▶ _PROBLEM TO SOLVE_: Repeat the listing below in full and exactly, but without its pictures.

▶ _EXERCISE DATA_:
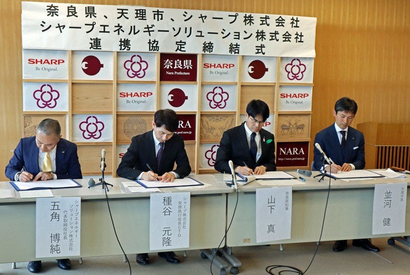 4月12日(金)、当社並びにシャープエネルギーソリューション株式会社(以下、SESJ)は、奈良県および天理市と、奈良県庁にて連携協定締結式を実施しました。奈良県内の産業振興と経済の持続的な発展により地域社会の活性化に寄与することを目的とするものです。
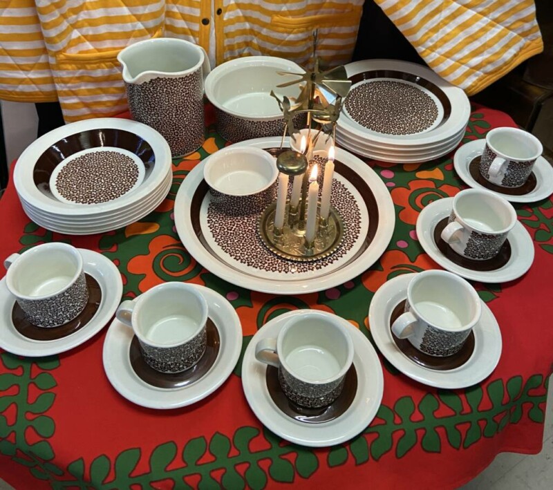 Ruska-astiasto 17-osaa, myydään yhdessä tai erikseen. Matalat ja syvät ruokalautaset MYYTY.
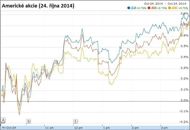 Dow si v pátek připsal 0,76 %, S&P 500 0,70 % a technologický Nasdaq 0,69 %. Nejlépe si v indexu Dow vedly akcie firem Procter & Gamble, 3M, Microsoft a Pfizer, ztrácely naopak Visa, Chevron a IBM.
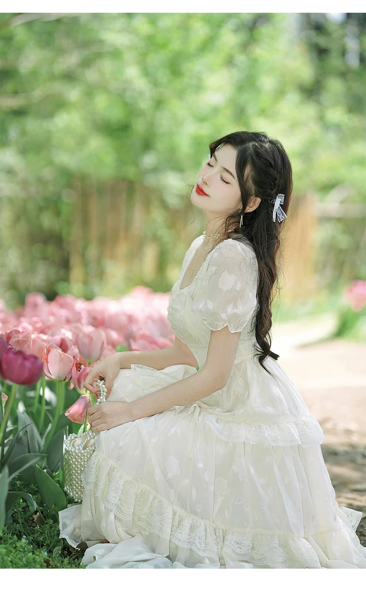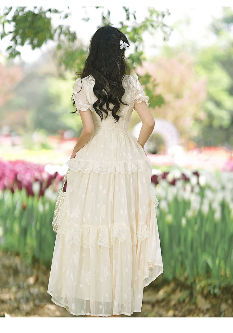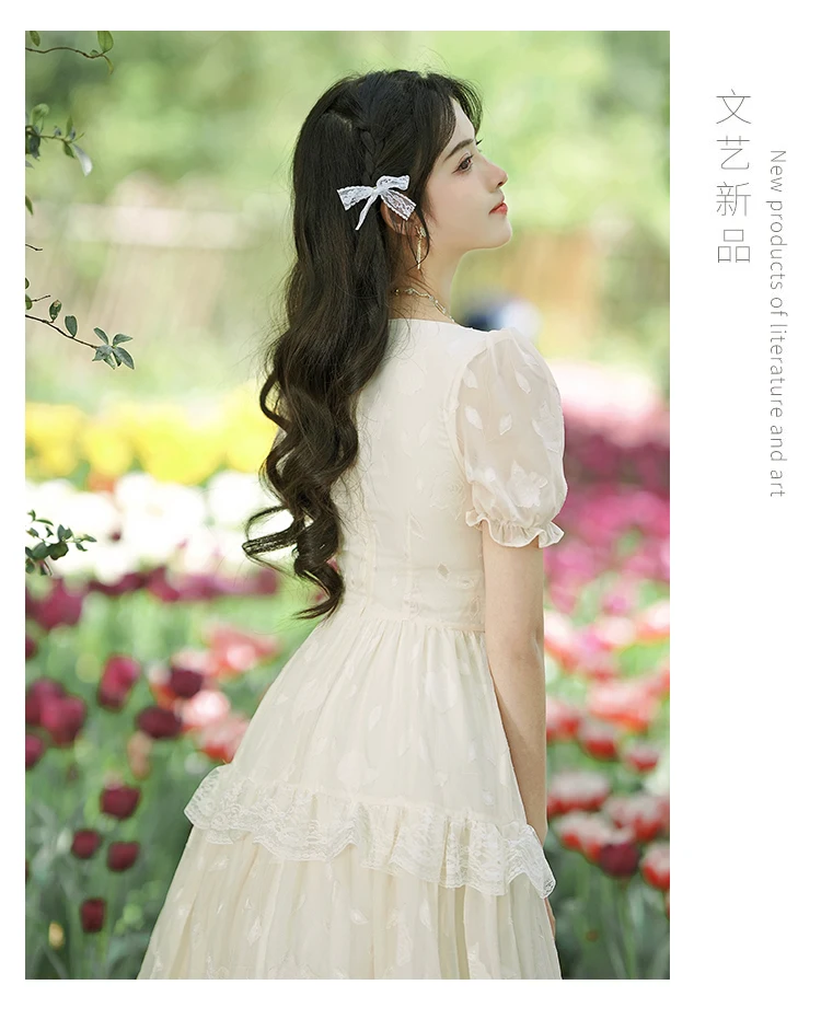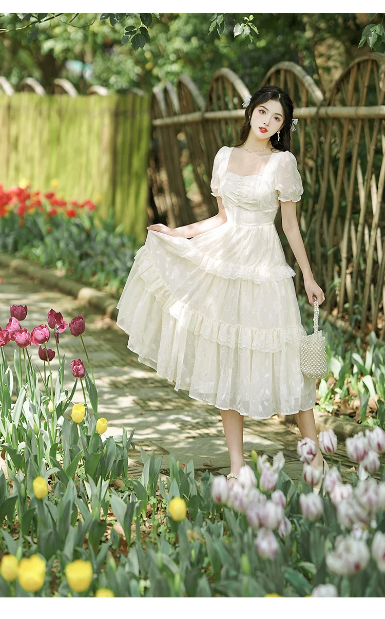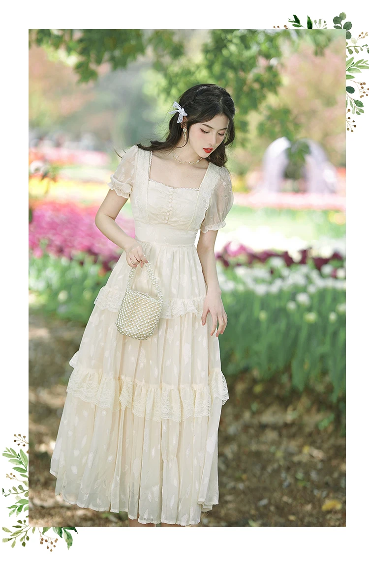 French Style Fairy Dresses for Women Apricot Square Neck Lace Embroidery Mesh Dress Short Sleeve Lady Retro Elegant Robe Vestido

▶ _RESPONSE FOR THIS EXERCISE_:
 4月12日(金)、当社並びにシャープエネルギーソリューション株式会社(以下、SESJ)は、奈良県および天理市と、奈良県庁にて連携協定締結式を実施しました。奈良県内の産業振興と経済の持続的な発展により地域社会の活性化に寄与することを目的とするものです。
 Ruska-astiasto 17-osaa, myydään yhdessä tai erikseen. Matalat ja syvät ruokalautaset MYYTY.
 Dow si v pátek připsal 0,76 %, S&P 500 0,70 % a technologický Nasdaq 0,69 %. Nejlépe si v indexu Dow vedly akcie firem Procter & Gamble, 3M, Microsoft a Pfizer, ztrácely naopak Visa, Chevron a IBM.
 French Style Fairy Dresses for Women Apricot Square Neck Lace Embroidery Mesh Dress Short Sleeve Lady Retro Elegant Robe Vestido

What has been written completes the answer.